Task |
Take the listing from its first line through the line that contains "CO2催化加氢合成高附加值的" and please retype those lines exactly, leaving out the pictures.

Source data |

○ ○ ○

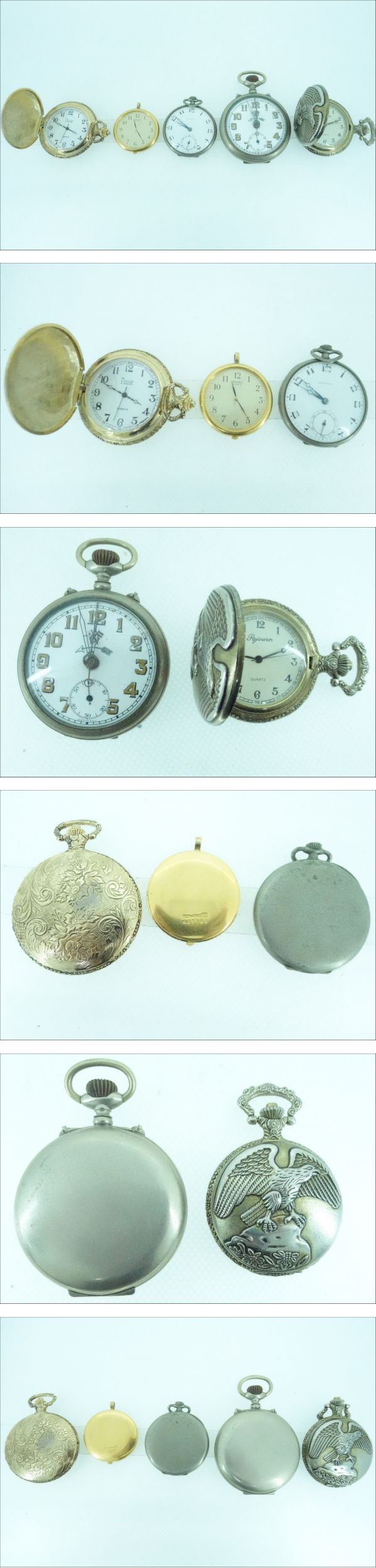 商品名:懐中時計 5点まとめ 付属品:無し 動作:稼働、非稼働の確認は行っておりません。 長時間の動作確認は行っていないため、日差含め正常な動作かは分かりかねます。 ※あくまでも検品時の動作となりますので予めご了承下さい。 状態:譲り受けた商品の為、購入時期や使用頻度など詳細は分かりかねます。 中古品の為、フェイスや外観に傷やスレが見受けられます。 素人の為、ご質問いただいても回答できない場合がございますが、 神経質な方のご入札はお控え下さい。目視での確認となります。 商品の状態に関しては画像にてご判断下さい。 ※オーバーホール歴は不明でございます。 ※裏蓋を外した画像がない商品は、裏蓋を外して内部の確認は出来ておりません。 ID:002025-12287-02 弊社はインボイス登録事業者です。 登録番号:T8370001039877 ※※入札前に必ずお読みください※※ 説明文をよくお読みの上ご入札下さい。 画像に写っているものが全てになります。 商品の重さを量っているものに関しては多少の誤差がありますので、ご理解下さい。 商品の状態に関してはご自身でご判断の上、ご入札下さい。 あくまでも主観に基づく感想です。状態判断は画像にてお願い致します。 商品に対しどちらの情報が欲しいか分かりかねる部分もございますので、落札前にご質問頂ければと思います。 中古品の為、神経質な方のご入札はお控え下さい。 ご入札後の入札取り消しは出来かねます。 専門知識がなく、ご質問いただいても回答できない場合がありますが 気になる点がある方は入札前にご質問下さい。 素人による検品の為、見落としている場合もございます。 ご了承下さい。 ノークレーム・ノーリターンでお願いします。 | |||
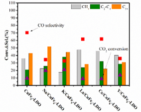CO2催化加氢合成高附加值的烃类化合物,不仅可以缓解化石燃料燃烧引起的大气CO2浓度攀升问题,还提供了一种合成洁净能源的新途径,具有广阔的应用前景。CO2加氢反应的难题之一在于高效催化剂的开发。铜铁基催化剂因其价格低廉、反应活性优异,被广泛应用于CO2加氢反应,但通过传统方法制备的铜铁基催化剂存在活性组分分布不均匀,易烧结团聚的问题。采用层状双金属氢氧化物(LDH)作为前驱体制备催化剂,可以实现活性组分的高度均匀分散,但其反应活性有待进一步提高。可以通过添加助剂调节产物分布,改善催化剂的还原或活化能力,提高催化剂活性。
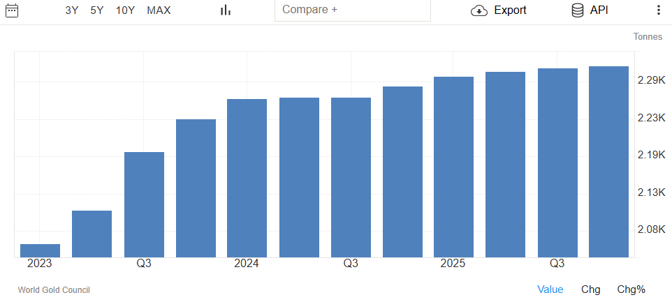 China’s gold reserves surged to an all-time high of 2,306.30 tonnes in the fourth quarter of 2025, up from 2,303.50 tonnes in the previous quarter. This marks the highest level of gold holdings in the country’s modern history.

○ ○ ○

Solution to this task |
 商品名:懐中時計 5点まとめ 付属品:無し 動作:稼働、非稼働の確認は行っておりません。 長時間の動作確認は行っていないため、日差含め正常な動作かは分かりかねます。 ※あくまでも検品時の動作となりますので予めご了承下さい。 状態:譲り受けた商品の為、購入時期や使用頻度など詳細は分かりかねます。 中古品の為、フェイスや外観に傷やスレが見受けられます。 素人の為、ご質問いただいても回答できない場合がございますが、 神経質な方のご入札はお控え下さい。目視での確認となります。 商品の状態に関しては画像にてご判断下さい。 ※オーバーホール歴は不明でございます。 ※裏蓋を外した画像がない商品は、裏蓋を外して内部の確認は出来ておりません。 ID:002025-12287-02 弊社はインボイス登録事業者です。 登録番号:T8370001039877 ※※入札前に必ずお読みください※※ 説明文をよくお読みの上ご入札下さい。 画像に写っているものが全てになります。 商品の重さを量っているものに関しては多少の誤差がありますので、ご理解下さい。 商品の状態に関してはご自身でご判断の上、ご入札下さい。 あくまでも主観に基づく感想です。状態判断は画像にてお願い致します。 商品に対しどちらの情報が欲しいか分かりかねる部分もございますので、落札前にご質問頂ければと思います。 中古品の為、神経質な方のご入札はお控え下さい。 ご入札後の入札取り消しは出来かねます。 専門知識がなく、ご質問いただいても回答できない場合がありますが 気になる点がある方は入札前にご質問下さい。 素人による検品の為、見落としている場合もございます。 ご了承下さい。 ノークレーム・ノーリターンでお願いします。 | |||
CO2催化加氢合成高附加值的烃类化合物,不仅可以缓解化石燃料燃烧引起的大气CO2浓度攀升问题,还提供了一种合成洁净能源的新途径,具有广阔的应用前景。CO2加氢反应的难题之一在于高效催化剂的开发。铜铁基催化剂因其价格低廉、反应活性优异,被广泛应用于CO2加氢反应,但通过传统方法制备的铜铁基催化剂存在活性组分分布不均匀,易烧结团聚的问题。采用层状双金属氢氧化物(LDH)作为前驱体制备催化剂,可以实现活性组分的高度均匀分散,但其反应活性有待进一步提高。可以通过添加助剂调节产物分布,改善催化剂的还原或活化能力,提高催化剂活性。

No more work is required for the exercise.